Project Learning Tree (PLT) is one of the most widely-used environmental education programs in the country. Each year, more than 30,000 educators attend PLT workshops, joining the half million who have already learned how to use PLT's curriculum.

The BLM has a partnership with PLT to enhance special theme workshops on fire education and on invasive species. In addition, BLM supports PLT's GreenWorks! programs, offering grants to support service learning projects involving fire or invasive plants. You must become a PLT facilitator to apply for one of these grants.

PLT relies on an extensive network of cooperating organizations and volunteer trainers to deliver its services. PLT provides educators with supplementary environmental curriculum materials that can be integrated into lesson plans for all grades and subject areas. All of the PLT materials have been correlated to the National Science Education Standards, to the national Curriculum Standards for Social Studies, and to all the age level handbook guidelines for badges for the Girl Scouts of the USA. Individual state partners are correlating the materials to the various state standards.

PLT activities address all aspects of the environment, using approaches that model constructivist learning theory, cooperative learning, whole language and problem solving applied to real-life contexts. PLT materials also include a variety of appropriate authentic assessment techniques. In addition to offering a Pre K-8 Activity Guide in English and Spanish, PLT offers units for secondary education in forests, forest ecology, risk. For more information, go to their website at www.plt.org.

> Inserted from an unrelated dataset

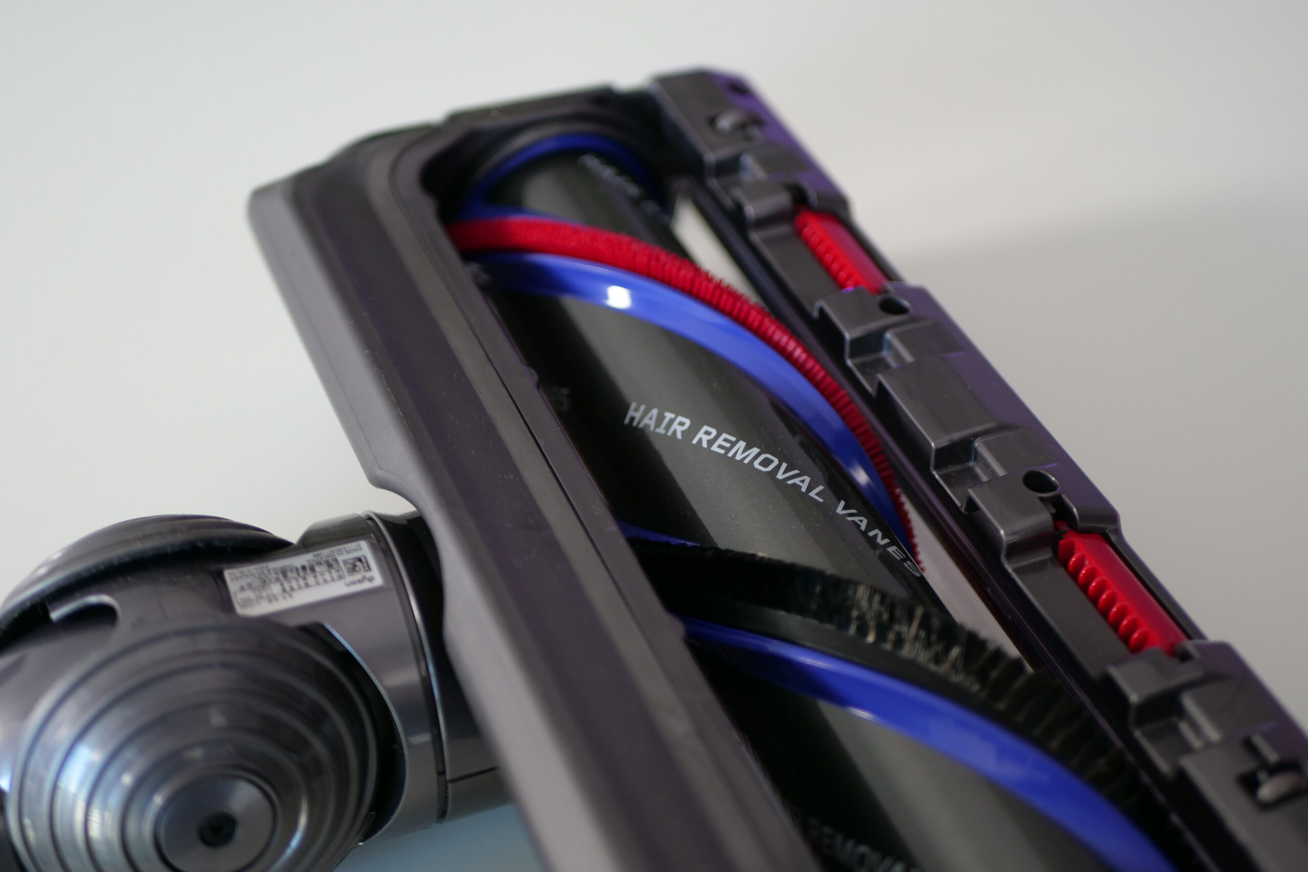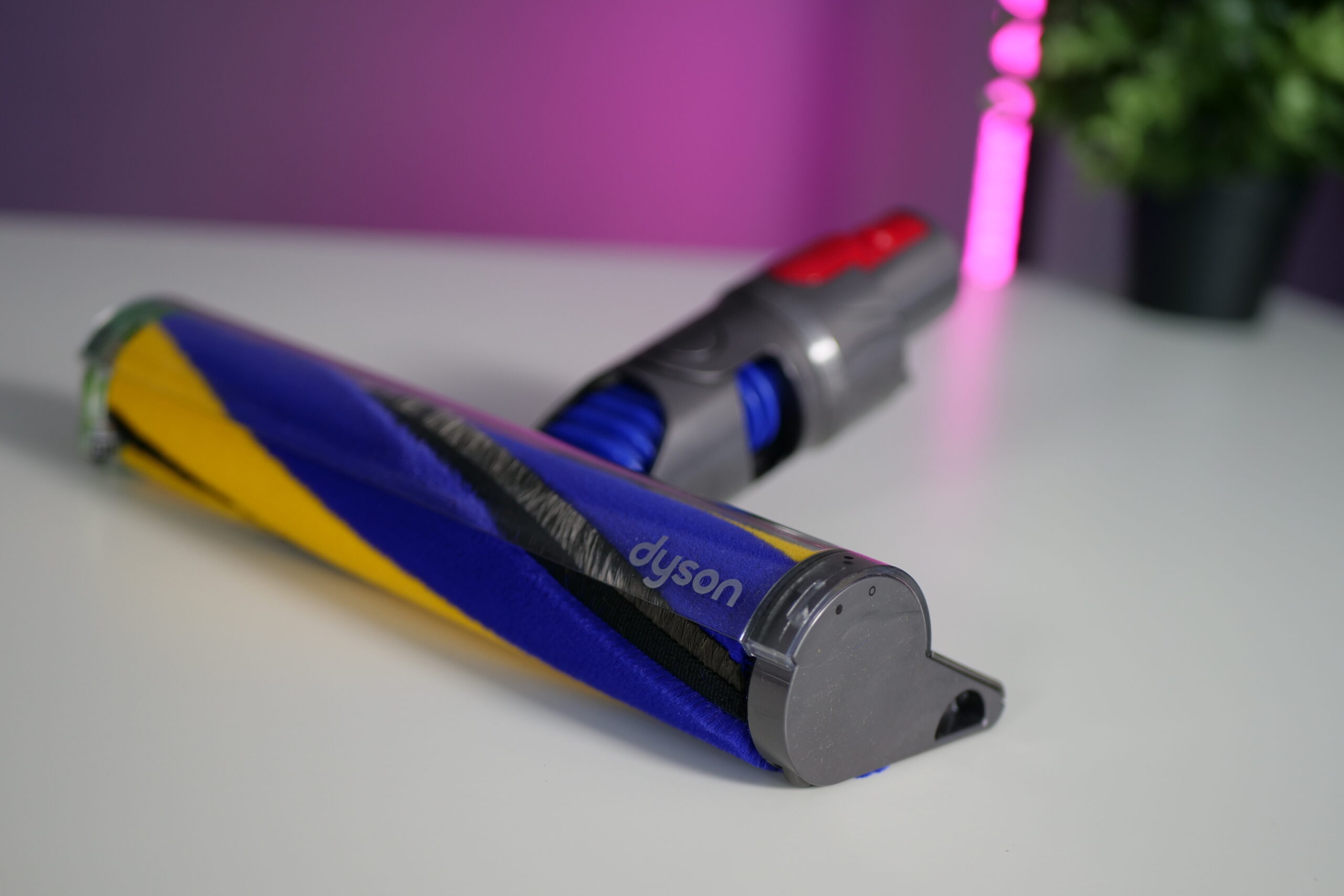 – Cel principal denumit Digital Motorbar, care este motorizat. Este ideal pentru a îndepărta reziduurile de mari dimensiuni atât de pe pardoseală, cât și de pe covoare. Îmi place că știe să își regleze în mod automat puterea în funcție de tipul de suprafață aspirat. Nu trebuie să fac nimic pentru a schimba puterea de aspirare atunci când trec de pe parchet pe covor și invers. Știe că pentru aspirarea țesăturilor este nevoie de o putere mai mare, astfel că și-o ajustează singur. În plus vine echipat și cu un accesoriu de tăiere a firelor de păr, pentru a preveni încurcarea acestora pe perie. Și da, este foarte eficient. Eu am părul lung și nu am sesizat să găsesc fire încurcare pe perie.

PLT's Fire Education Program
The goal of the fire education partnership is to provide interactive, hands-on, locally driven programs that engage educators, students, and other community members in wildland fire education and activities. Nine western states were targeted to participate in the first year (2001-2002): Arizona, California, Colorado, Idaho, Nevada, Oregon, South Dakota, Utah, and Wyoming. BLM provided PLT coordinators and lead facilitators from these states with intensive training related to both wildfire and fire education at the National Interagency Fire Center in Boise, Idaho in the summer of 2001. These coordinators, their facilitator teams, and fire experts from BLM and other agencies are now using that training to conduct a series of educator workshops in targeted communities in their states. These workshops provide both formal and non-formal educators with PLT fire activities as well as a variety of supplemental wildland fire education materials developed by the BLM and other federal agencies. By all estimates, this initiative will exceed its goal of training 1,000 educators during the first year. Select this link for information on PLT's Fire Education program.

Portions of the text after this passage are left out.